(Stored data entries)
═══

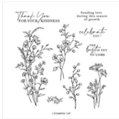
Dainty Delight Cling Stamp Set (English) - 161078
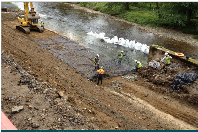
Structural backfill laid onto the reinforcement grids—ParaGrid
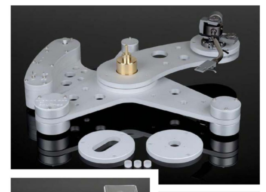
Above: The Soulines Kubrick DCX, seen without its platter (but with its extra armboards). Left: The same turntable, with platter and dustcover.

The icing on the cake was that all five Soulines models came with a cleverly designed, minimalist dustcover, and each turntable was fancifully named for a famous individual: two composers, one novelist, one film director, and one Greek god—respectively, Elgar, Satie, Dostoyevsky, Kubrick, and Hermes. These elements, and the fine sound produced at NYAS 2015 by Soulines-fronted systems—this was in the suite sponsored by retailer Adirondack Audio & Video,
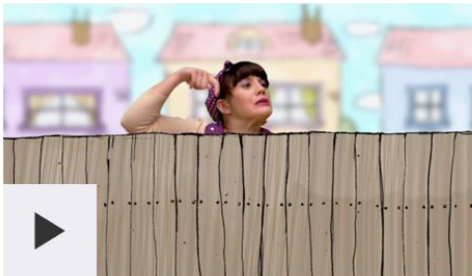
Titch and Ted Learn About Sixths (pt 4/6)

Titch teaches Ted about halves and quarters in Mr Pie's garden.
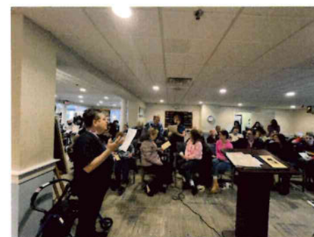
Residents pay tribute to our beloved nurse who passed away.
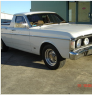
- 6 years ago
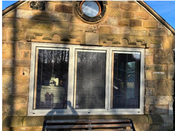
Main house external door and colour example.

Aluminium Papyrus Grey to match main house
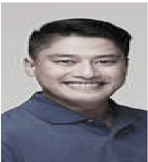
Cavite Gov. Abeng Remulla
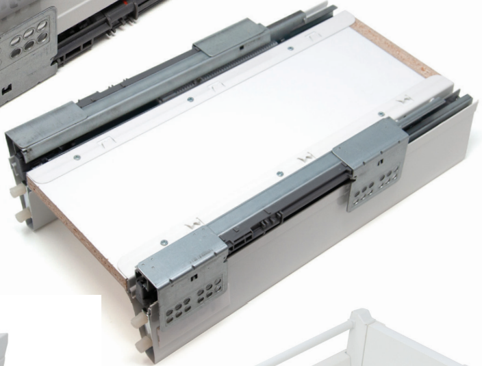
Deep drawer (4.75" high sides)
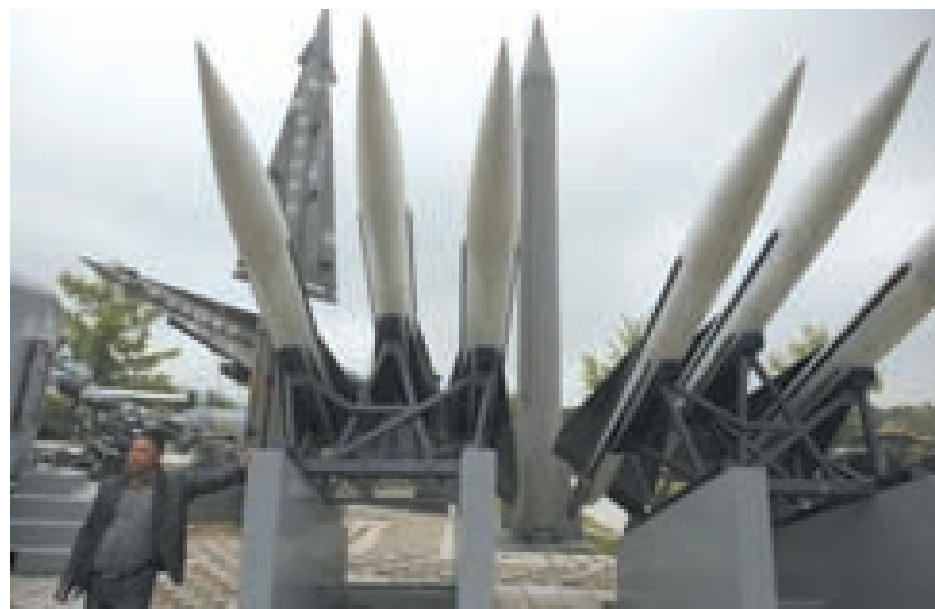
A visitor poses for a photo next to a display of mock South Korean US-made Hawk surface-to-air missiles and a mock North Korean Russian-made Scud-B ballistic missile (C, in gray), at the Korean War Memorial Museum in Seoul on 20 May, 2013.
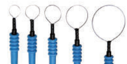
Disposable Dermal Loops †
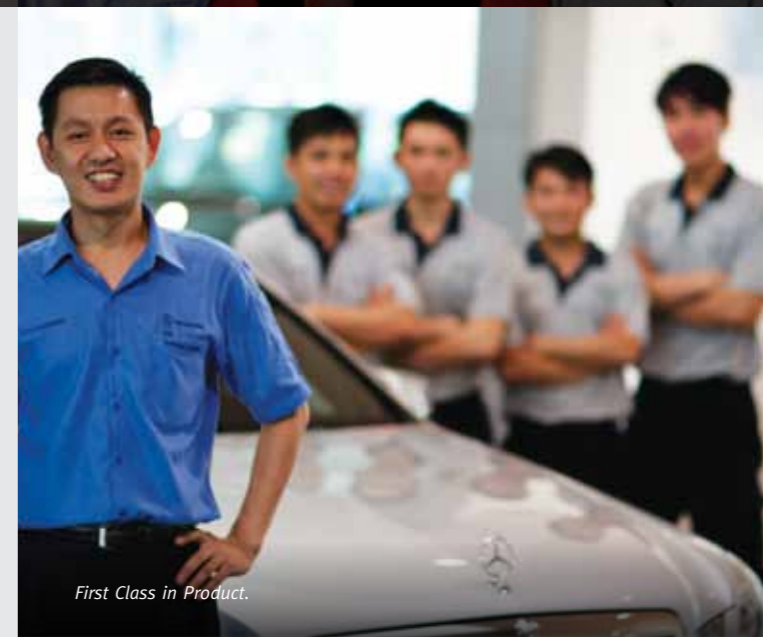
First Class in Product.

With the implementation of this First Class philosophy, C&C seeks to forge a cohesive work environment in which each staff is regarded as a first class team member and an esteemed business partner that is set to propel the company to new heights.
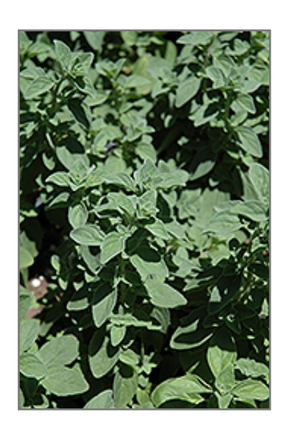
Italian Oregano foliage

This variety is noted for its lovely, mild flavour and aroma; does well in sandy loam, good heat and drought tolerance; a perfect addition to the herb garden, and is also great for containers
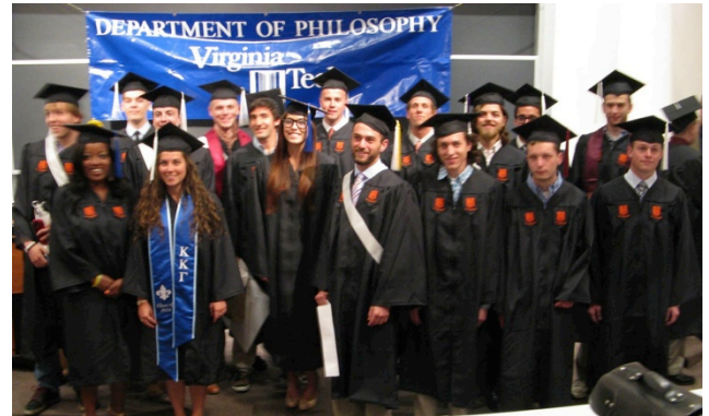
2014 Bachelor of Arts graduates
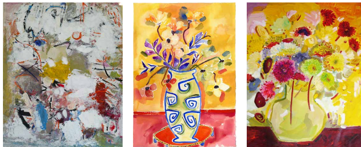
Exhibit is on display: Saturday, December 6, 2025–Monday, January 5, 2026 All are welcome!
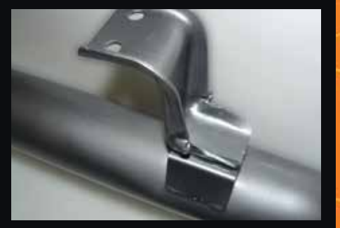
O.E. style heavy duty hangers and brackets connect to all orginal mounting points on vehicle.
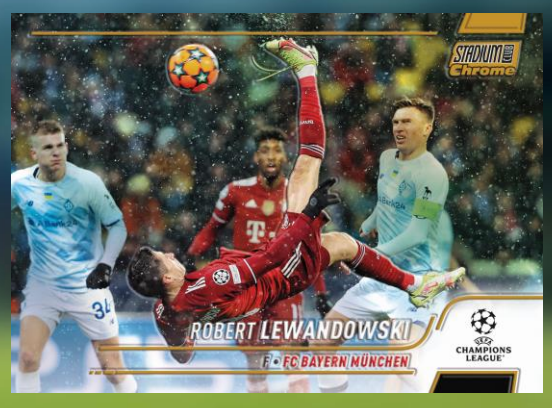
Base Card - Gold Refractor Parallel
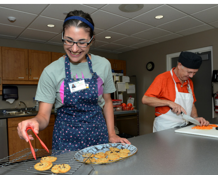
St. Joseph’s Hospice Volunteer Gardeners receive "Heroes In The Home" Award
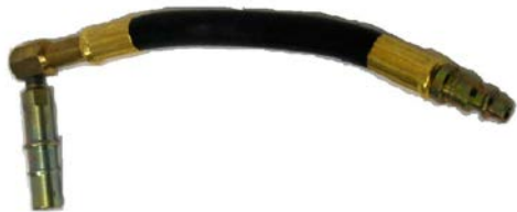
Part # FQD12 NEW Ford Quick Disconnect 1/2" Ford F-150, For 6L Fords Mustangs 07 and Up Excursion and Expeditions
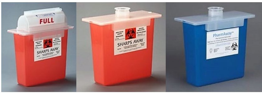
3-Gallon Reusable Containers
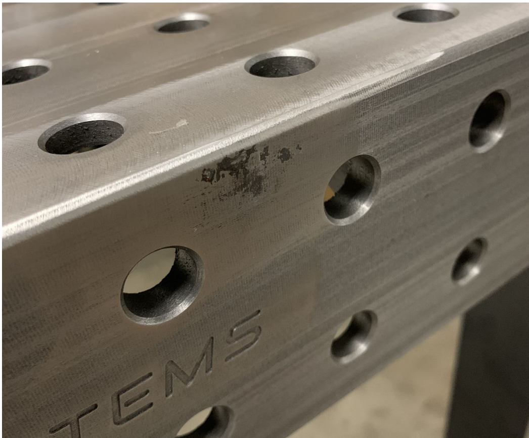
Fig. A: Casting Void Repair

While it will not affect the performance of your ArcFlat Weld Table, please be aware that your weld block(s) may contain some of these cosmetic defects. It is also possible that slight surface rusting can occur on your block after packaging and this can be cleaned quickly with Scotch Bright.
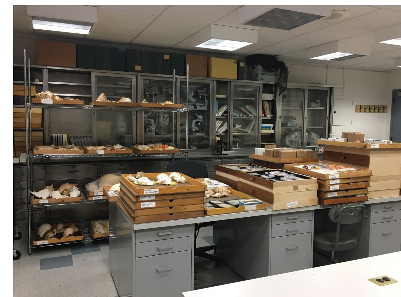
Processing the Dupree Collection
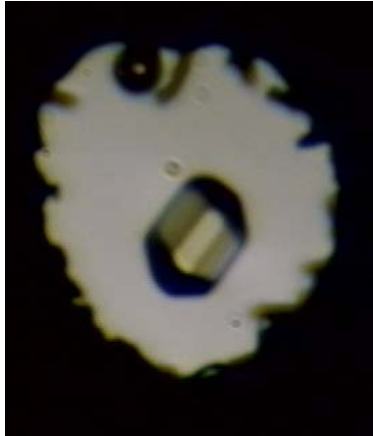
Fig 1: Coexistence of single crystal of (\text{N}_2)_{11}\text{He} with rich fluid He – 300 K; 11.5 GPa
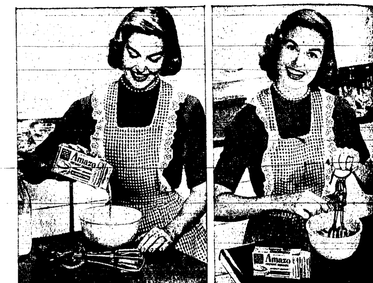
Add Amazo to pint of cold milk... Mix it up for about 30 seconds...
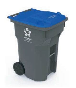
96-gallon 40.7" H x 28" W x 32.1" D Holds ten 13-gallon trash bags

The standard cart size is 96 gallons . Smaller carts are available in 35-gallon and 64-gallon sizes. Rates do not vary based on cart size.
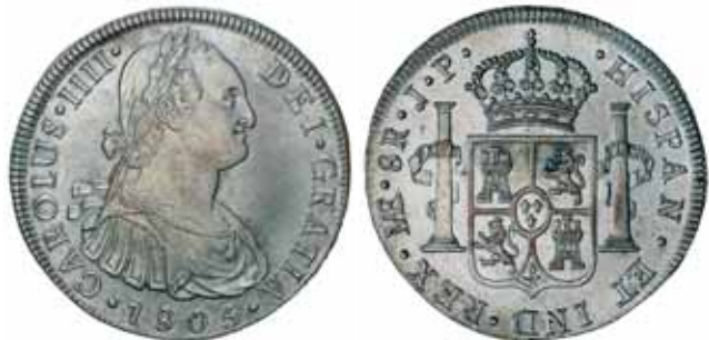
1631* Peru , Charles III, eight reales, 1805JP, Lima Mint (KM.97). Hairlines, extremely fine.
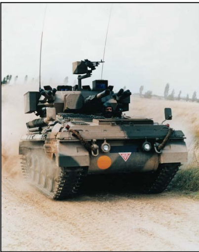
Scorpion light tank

═══

Set down nothing but the lines from the one containing "The standard cart" to the final line above, both included, with every picture left out.

SOLUTION:
The standard cart size is 96 gallons . Smaller carts are available in 35-gallon and 64-gallon sizes. Rates do not vary based on cart size.
1631* Peru , Charles III, eight reales, 1805JP, Lima Mint (KM.97). Hairlines, extremely fine.
Scorpion light tank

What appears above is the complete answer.